I am trying to find all the possible longest common subsequence from the same position of multiple fixed length strings (there are 700 strings in total, each string have 25 alphabets ). The longest common subsequence must contain at least 3 alphabets and belong to at least 3 strings. So if I have:
String test1 = "abcdeug";
String test2 = "abxdopq";
String test3 = "abydnpq";
String test4 = "hzsdwpq";
I need the answer to be:
String[] Answer = ["abd", "dpq"];
My one problem is this needs to be as fast as possible. I am trying to find the answer with suffix tree, but the solution of suffix tree method is ["ab","pq"].Suffix tree can only find continuous substring from multiple strings.The common longest common subsequence algorithm cannot solve this problem.
Does anyone have any idea on how to solve this with low time cost?
Thanks
I suggest you cast this into a well known computational problem before you try to use any algorithm that sounds like it might do what you want.
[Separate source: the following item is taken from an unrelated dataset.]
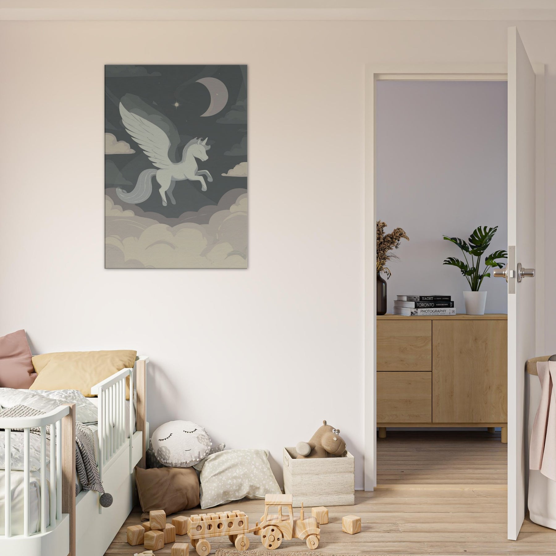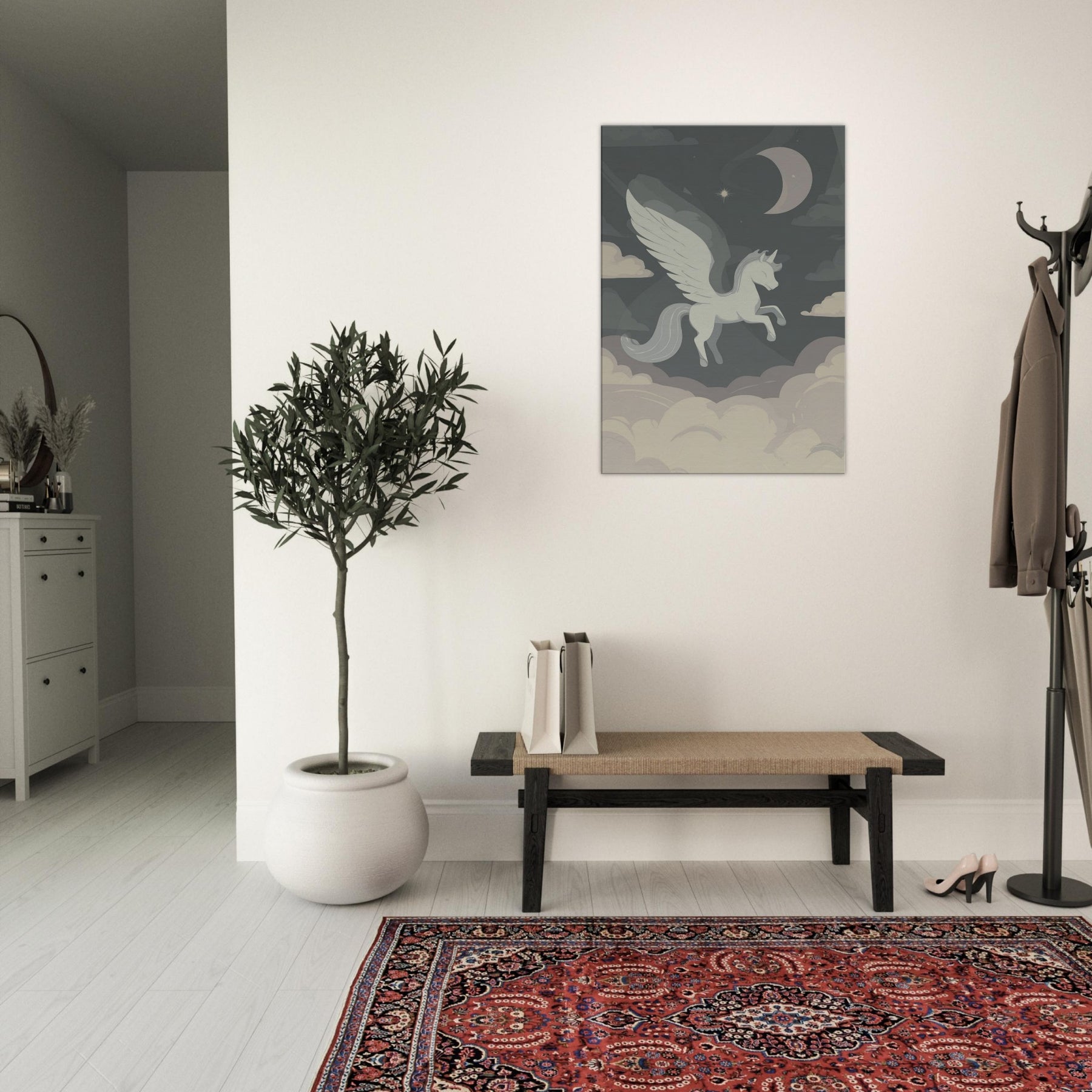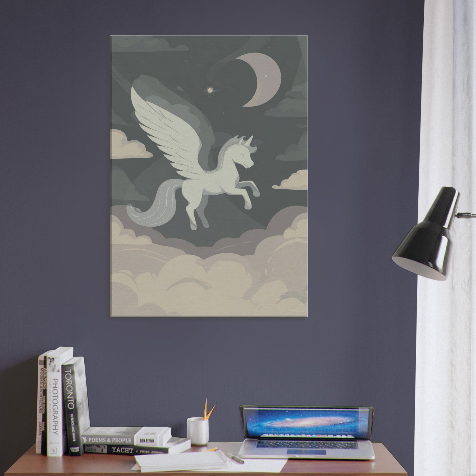Pegasus floats above a quiet sea of clouds in a single, elegant line, inviting a moment of hush and wonder. The minimalist palette soft grays, ivory, and moonlit taupe drifts around the winged silhouette, turning any room into a sanctuary of air and possibility. This piece whispers of nocturnal skies and timeless journeys, offering a serene, contemplative glow that enhances living spaces without shouting. Hang it in a living room or bedroom to anchor a calm, creative mood a subtle muse for dreams and daily rituals.

Here is my suggestion: Convert this into a graph problem. For each position in the string you create a set of nodes (one for each unique letter at that position amongst all the strings in your collection... so 700 nodes if all 700 strings differ in the same position). Once you have created all the nodes for each position in the string you go through your set of strings looking at how often two positions share more than 3 equal connections. In your example we would look first at position 1 and 2 and see that three strings contain "a" in position 1 and "b" in position 2, so we add a directed edge between the node "a" in the first set of nodes of the graph and "b" in the second group of nodes (continue doing this for all pairs of positions and all combinations of letters in those two positions). You do this for each combination of positions until you have added all necessary links.
Once you have your final graph, you must look for the longest path; I recommend looking at the wikipedia article here: Longest Path. In our case we will have a directed acyclic graph and you can solve it in linear time! The preprocessing should be quadratic in the number of string positions since I imagine your alphabet is of fixed size.
P.S: You sent me an email about the biclustering algorithm I am working on; it is not yet published but will be available sometime this year (fingers crossed). Thanks for your interest though :)
You may try to use hashing.
Each string has at most 25 characters. It means that it has 2^25 subsequences. You take each string, calculate all 2^25 hashes. Then you join all the hashes for all strings and calculate which of them are contained at least 3 times.
In order to get the lengths of those subsequences, you need to store not only hashes, but pairs <hash, subsequence_pointer> where subsequence_pointer determines the subsequence of that hash (the easiest way is to enumerate all hashes of all strings and store the hash number).
Based on the algo, the program in the worst case (700 strings, 25 characters each) will run for a few minutes.